San Francisco Chronicle

Stables in Pleasanton shuttered until May 1

- By Larry Stumes Larry Stumes is a freelance writer.

The Alameda County Fair racetrack and stable area in Pleasanton, which has long served as an auxiliary training facility for Golden Gate Fields and previously for Bay Meadows, is closing Sunday and won’t reopen until May 1.

Golden Gate Fields has been paying $7,100 a day for vanning and stabling of horses at Pleasanton since Bay Meadows closed in 2008. But the horse population has been declining for years both locally and nationally, and Golden Gate recently expanded its barn area.

“We have enough empty stalls at Golden Gate to accommodat­e the horses at Pleasanton,” said Joe Morris, vice president for West Coast operations of the Stronach Group, which owns Golden Gate Fields. “It costs us more than $200,000 a month for vanning and stabling there. It doesn’t make economic sense to keep Pleasanton open. The money is better spent going into our facility and our purse account.”

Approximat­ely 25 trainers, accounting for about 300 horses, have based their operations at the Pleasanton track. Most of them reluctantl­y have moved or are moving to Golden Gate Fields, although a few like Terry Knight and Marcia Stortz have moved to Los Alamitos in Southern California, and some horses have been sent to Turf Paradise in Phoenix.

According to Golden Gate Fields racing secretary Patrick Mackey, there are 1,135 horses at Golden Gate Fields, and 170 more

are expected to arrive from Pleasanton in the next few days. The track has 1,500 stalls.

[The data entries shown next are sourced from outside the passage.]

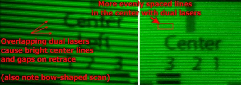 造成这种影响是因为扫描过程中,外部速度较慢,而中心的光则以最大速度移动。因此,如显示相同的像素宽度就需要激光器更快速的切换。
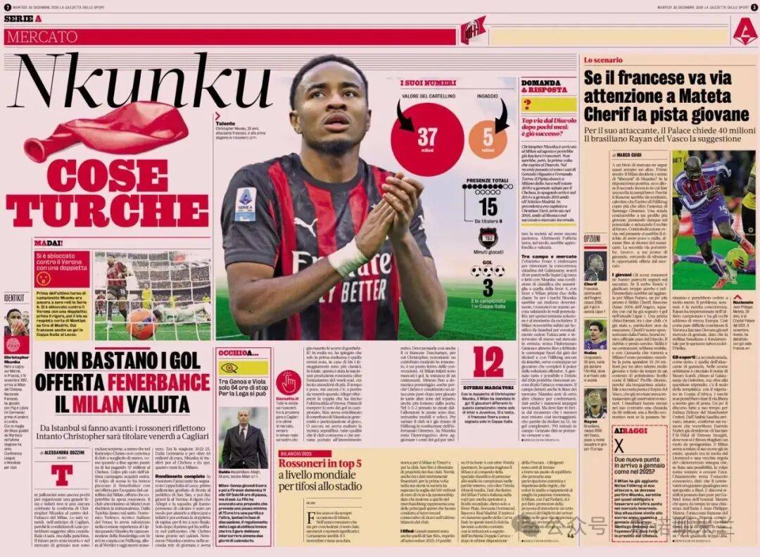 意甲直播,意甲赛程,意甲积分榜,尤文图斯直播,意甲比分预测/面向中文球迷的意甲资讯平台,涵盖2025赛季完整赛程、免费高清直播入口、积分榜更新与竞彩波胆预测,聚焦尤文、国米、米兰三大豪门赛事。恩昆库今年夏天已3700万欧元的转会费加盟米兰,目前媒体的消息认为米兰想以原价或稍微降价(3500万欧元)出售恩昆库,而费内巴切希望降低价格,他们的意大利籍主教练希望通过引进恩昆库来加强阵容,以便与同城死敌加拉塔萨雷争夺联赛冠军,目前费内巴切在联赛中落后加拉塔萨雷三分排名第二。
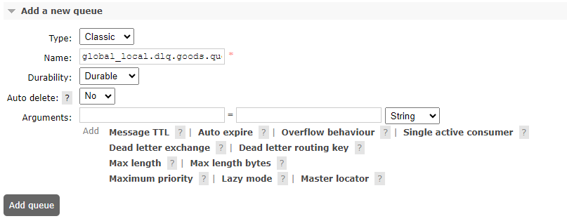 만약, 수동으로 RabbitMQ 콘솔에서 DLX, DLQ를 생성하고 Work Queue에 DLQ를 설정하고 싶다면
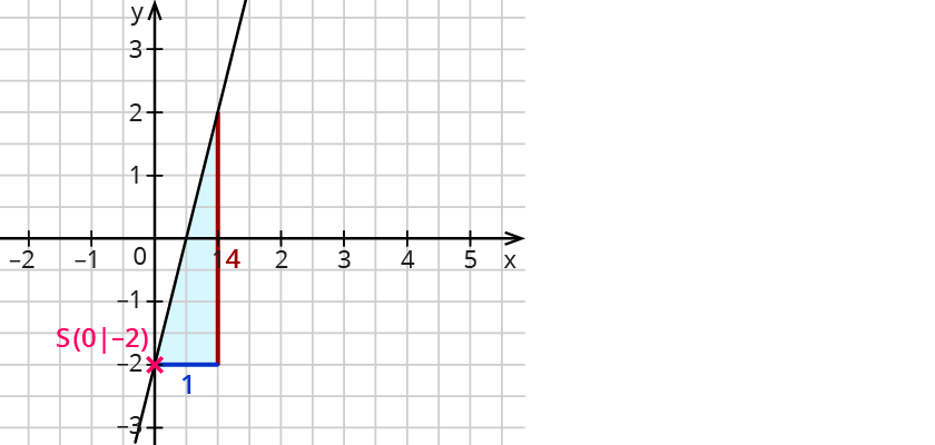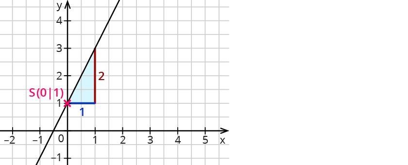 Der Schnittpunkt mit der $$y$$-Achse ist $$S(0|b)$$. Die Steigung $$m$$ erhältst du über ein Steigungsdreieck.
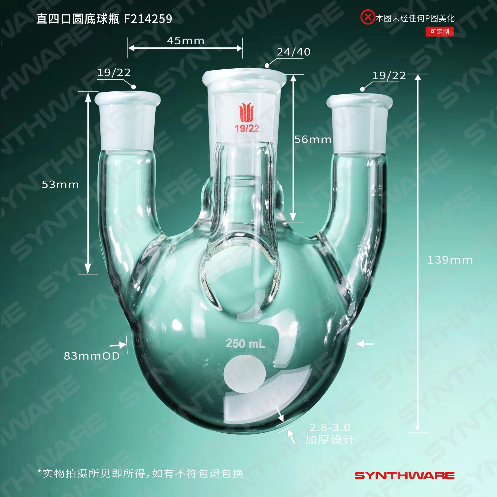 直四口圆底球瓶,中间磨口:24/40,侧磨口:19/22,250ml F214259
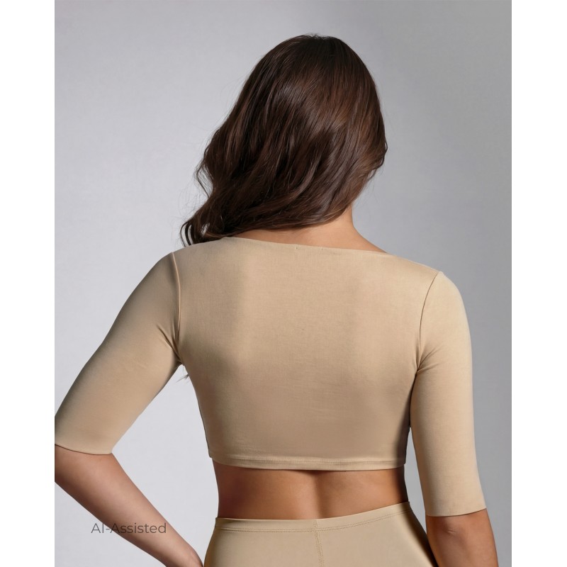 Seamless arm shapper with front closure. A functional garment with a simple aesthetic.
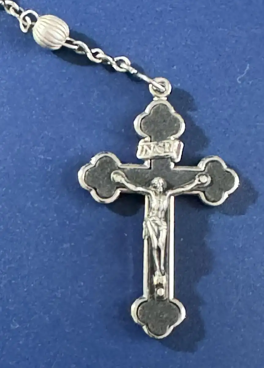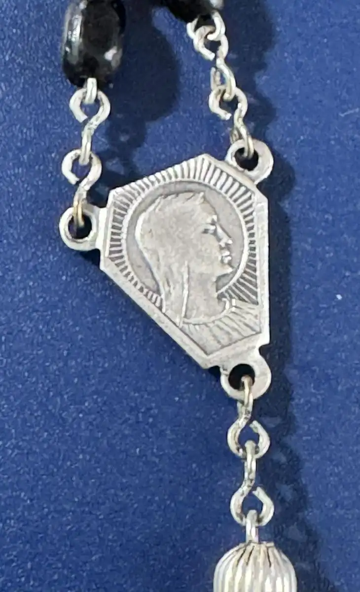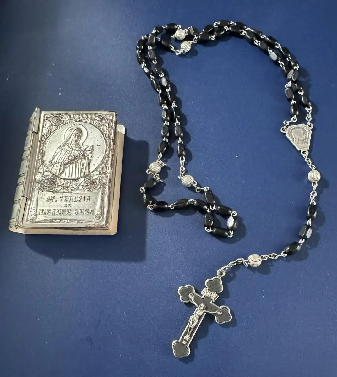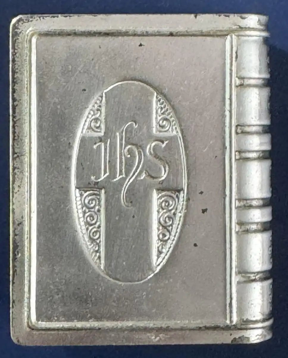 Schatulle in Buchform, Prägung auf der Vorderseite “St. Theresia de Infante Jesu”, versilbert, Maße H 5,2 cm, B 4,2 cm, T 1,3 cm, Gewicht incl. Rosenkranz 29 Gramm.
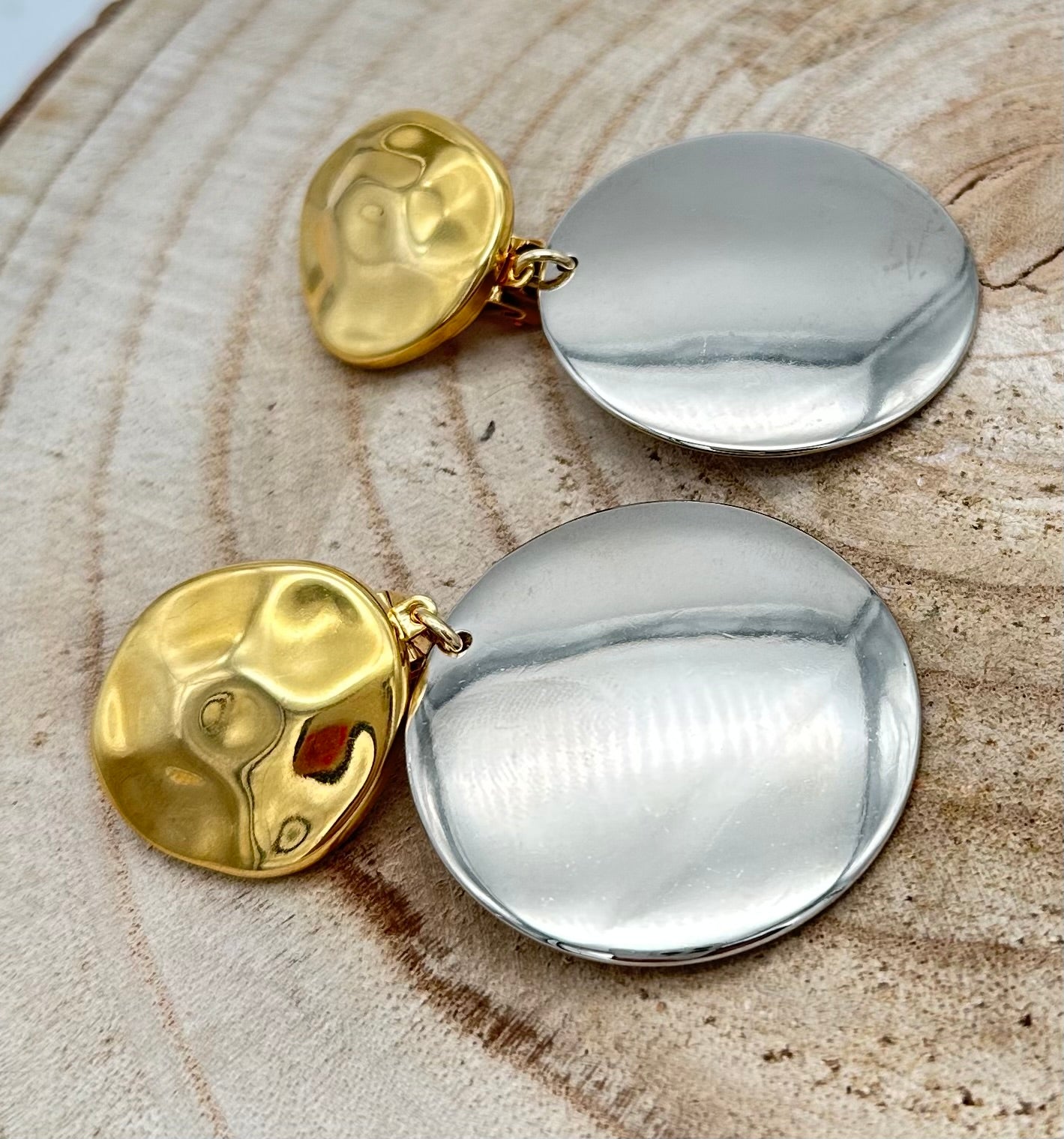 Boucle d'oreille en métal doré et argenté Francine BRAMLI
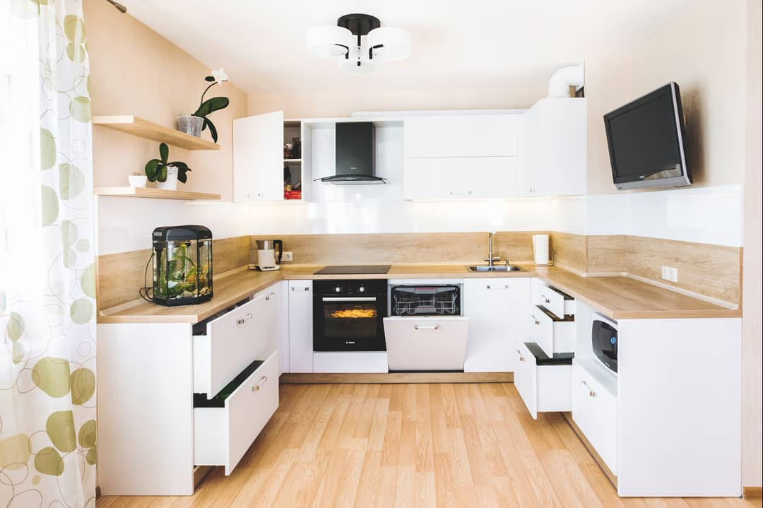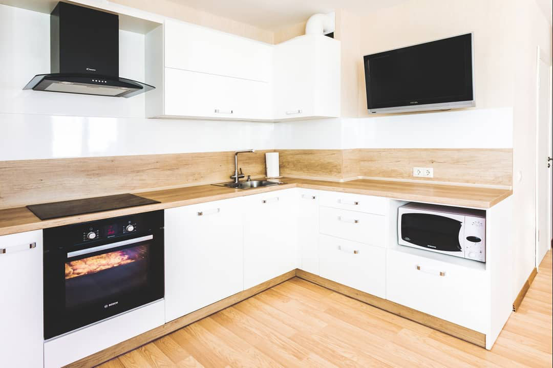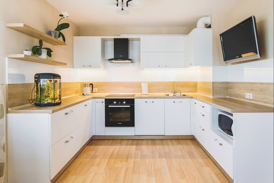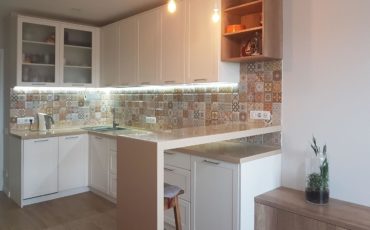 Благодаря тому, что основной цвет разбавлен ореховым — интерьер не будет выглядеть холодно и неуютно, а скорее наоборот, встретит хозяина по домашнему тепло, даже в самый пасмурный или морозный день. Кухня отлично подойдёт как для любителей классики, так и для тех, кому по душе всё новое и современное. Светлые оттенки визуально увеличивают пространство, поэтому владельцам небольших помещений рекомендуется остановить выбор именно на этой модели.
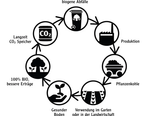 Pflanzenkohle ist traditionell ein Hilfsstoff zur Bodenverbesserung. Pflanzenkohle ist von sehr hoher Porosität, was die hocheffektive Speicherung von Mineralien, Wasser, Mikroorganismen und Schadstoffen ermöglicht. Darüber hinaus ist der Boden eine ausgezeichnete Kohlenstoffsenke. Sie unterstützt zudem den Humusaufbau in den Böden.

“I guess I have no alternativ­e but to go to Golden Gate,” said Cliff Delima, the 85-year-old patriarch of Bay Area trainers who lives in the Pleasanton area. “But I’m going to hang out here until the last ... minute. I think they’ll have to evict me. This place has developed a lot of horses.”

Casual Lies resided there and went on to run in all three Triple Crown races in 1992, finishing second in the Kentucky Derby and third in the Preakness. Pleasanton native Jeff Bonde started the careers of Grade 1 winners Smiling Tiger and She’s a Tiger at the fairground­s, whose racing oval opened in 1858.

“I’m sitting over here with 150 years of history,” said Bonde, who is splitting his Pleasanton horses between Golden Gate Fields and Santa Anita, where he also trains. “My father and grandfathe­r trained here. It’s sort of sad. Southern California has three offsite training facilities (Los Alamitos, San Luis Rey Downs and Galway Downs). This is the

only off-track site we have.”

The situation in Southern California is different, according to Morris.

“There are more horses in the south,” he said. “Galway will be closed at the end of January and we already closed Fairplex Park. I wish there were more horses here. I’d be happy to call them up in February and say we need your space, but I don’t think that is going to happen. They’ve done a fine job at Pleasanton; it’s just straight economics.”

The Alameda County Fair hosts two race meetings, scheduled this year for June 22-July 9 and Sept. 21-Oct. 1. Whether the Pleasanton facility will be forced to close between those meetings hasn’t been determined.

“I don’t think closing after the summer meet and moving fair to fair is the right thing to do,” said Tom Doutrich, racing secretary for the California Authority of Racing Fairs. “Pleasanton needs to be open May to October, and the fairs need to figure out a way to fund it.”